Mummified parrot tale

Published in PNAS

Twenty-seven mummified and skeletonised parrots from five archaeological sites in the Atacama Desert, now tell a story of capture and transport of at least five parrot species. Researchers write that macaws, amazons, and conures were kept as pets between 1000 and 1460 CE and their feathers were used for various ceremonies.

Algae analysis

Published in Nature Communications

"Being stuck at home was a blessing in disguise, as there were no experiments that could be done. We just had our computers and lots of time," says Professor Paul Curmi from UNSW Sydney in a release. By analysing several microscopy images of proteins, he was able to identify and reconstruct a key protein that helped evolution of cryptophyte algae billions of years ago. This find serves as a missing piece in the puzzle of the evolution of photosynthetic algae.

Catch a comet

Two papers published in Nature Communications

The comet 2I/Borisov was first discovered in August 2019 and was confirmed to have come from beyond the Solar System.
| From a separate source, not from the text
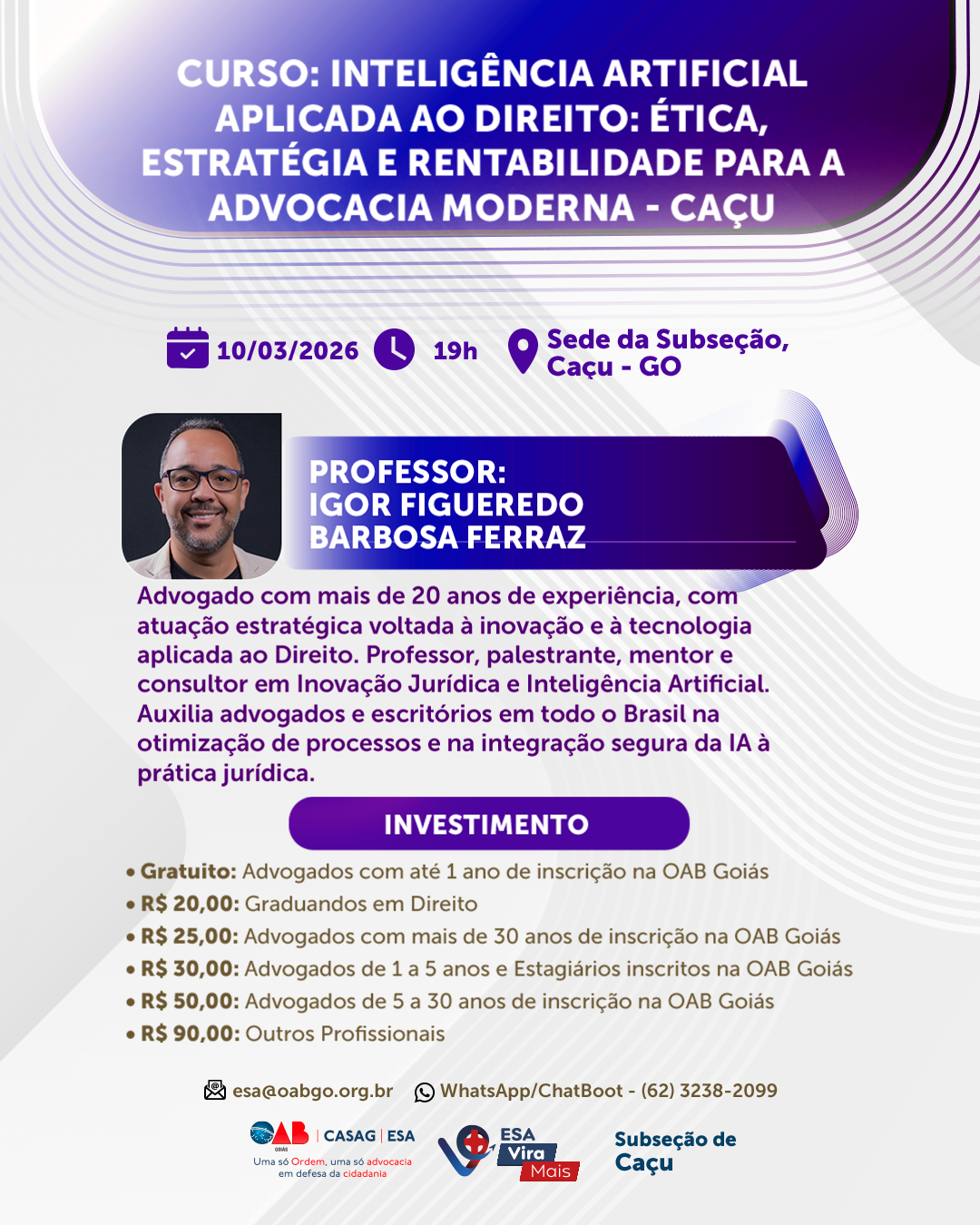 CURSO: INTELIGÊNCIA ARTIFICIAL APLICADA AO DIREITO: ÉTICA, ESTRATÉGIA E RENTABILIDADE - CAÇU

Two papers published last week used high-resolution observations from different telescopes to study the comet and found that the comet most likely never passed close to any star other than our Sun. This means the comet is pristine and has a “composition very similar to that of the cloud of gas and dust it — and the rest of the Solar System — formed from some 4.5 billion years ago,” explains a release. Studying the comet can tell us more about the origin of our Solar System.